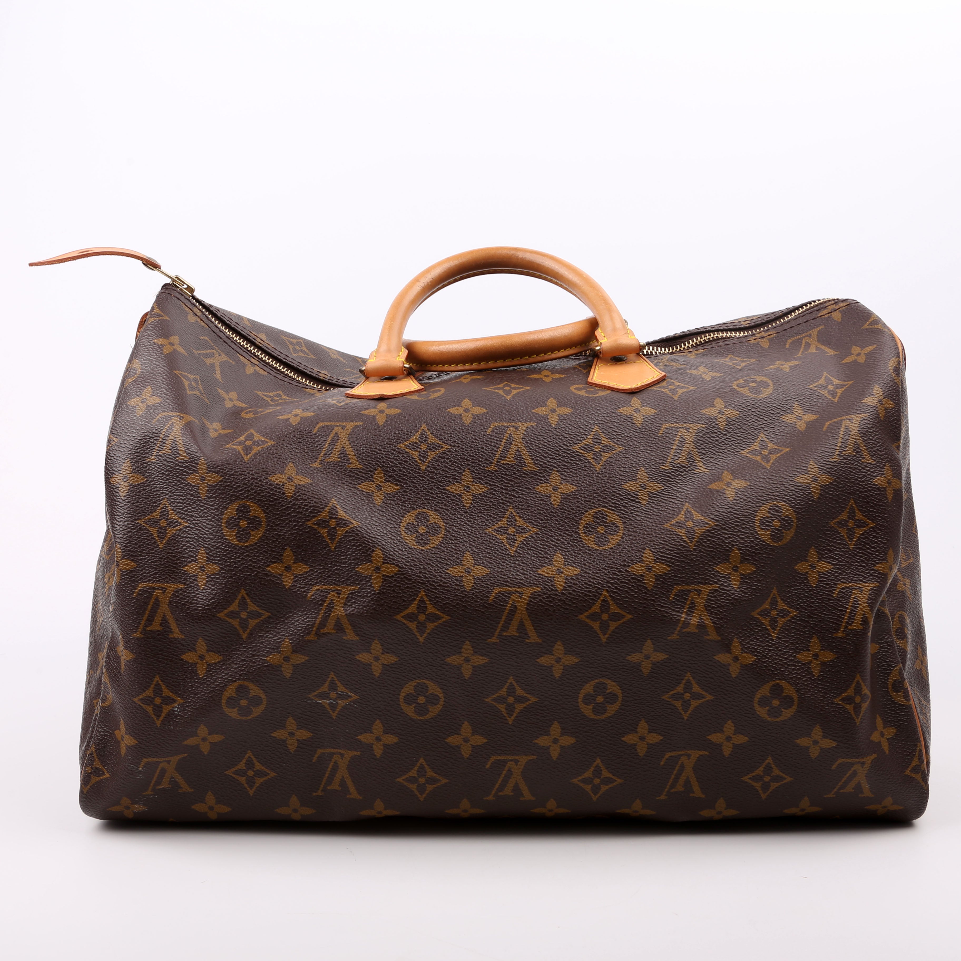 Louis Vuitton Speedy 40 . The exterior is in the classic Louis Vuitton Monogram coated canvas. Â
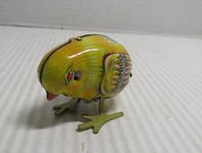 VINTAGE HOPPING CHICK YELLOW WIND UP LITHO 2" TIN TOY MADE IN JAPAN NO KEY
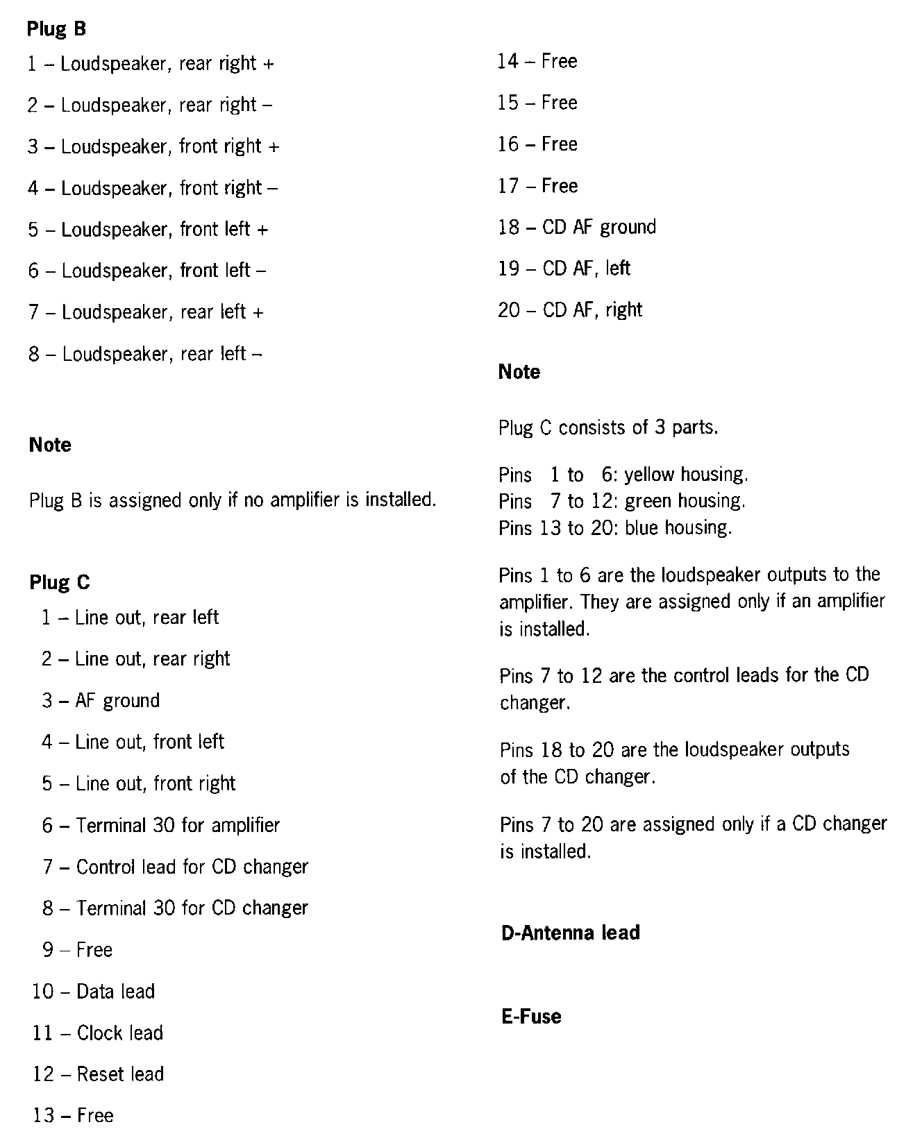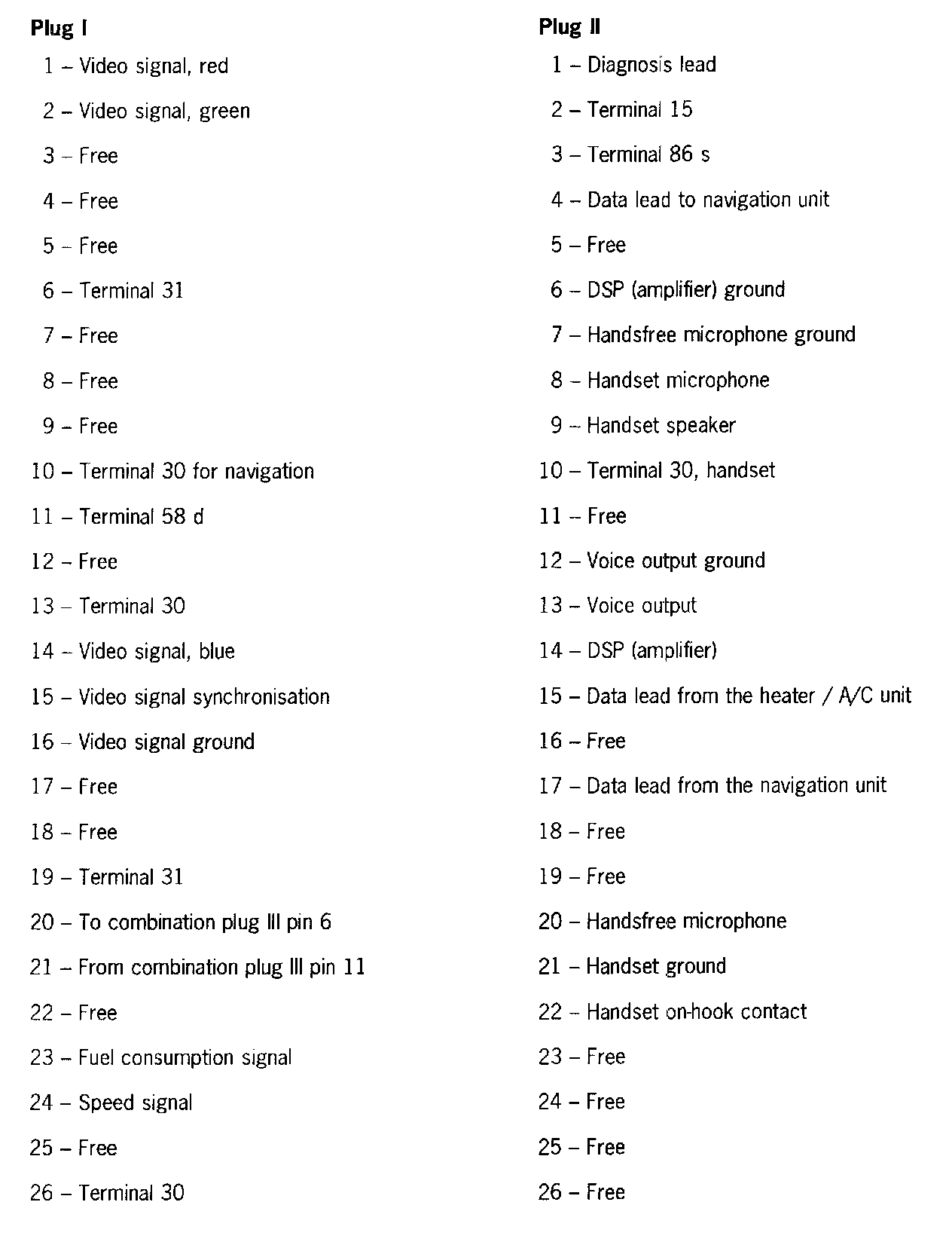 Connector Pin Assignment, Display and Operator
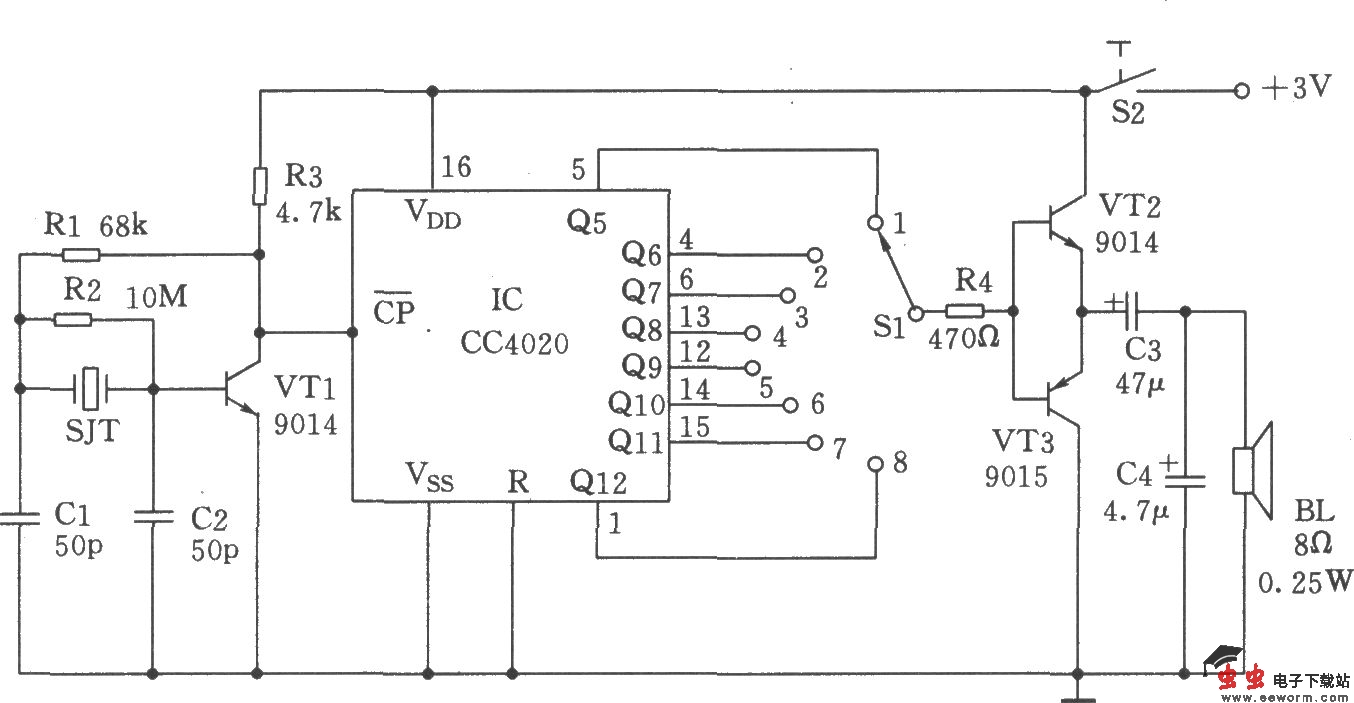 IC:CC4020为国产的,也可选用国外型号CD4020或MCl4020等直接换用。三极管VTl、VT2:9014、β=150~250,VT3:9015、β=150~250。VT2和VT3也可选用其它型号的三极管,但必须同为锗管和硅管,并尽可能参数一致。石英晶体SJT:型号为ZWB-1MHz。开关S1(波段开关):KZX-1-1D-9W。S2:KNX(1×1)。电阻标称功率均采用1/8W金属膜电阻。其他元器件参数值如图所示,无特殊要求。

→ **Exercise aim**
Put each line of the listing above into the copy exactly, dropping the pictures.

→ **Response below**
 Louis Vuitton Speedy 40 . The exterior is in the classic Louis Vuitton Monogram coated canvas. Â
 VINTAGE HOPPING CHICK YELLOW WIND UP LITHO 2" TIN TOY MADE IN JAPAN NO KEY
 Connector Pin Assignment, Display and Operator
 IC:CC4020为国产的,也可选用国外型号CD4020或MCl4020等直接换用。三极管VTl、VT2:9014、β=150~250,VT3:9015、β=150~250。VT2和VT3也可选用其它型号的三极管,但必须同为锗管和硅管,并尽可能参数一致。石英晶体SJT:型号为ZWB-1MHz。开关S1(波段开关):KZX-1-1D-9W。S2:KNX(1×1)。电阻标称功率均采用1/8W金属膜电阻。其他元器件参数值如图所示,无特殊要求。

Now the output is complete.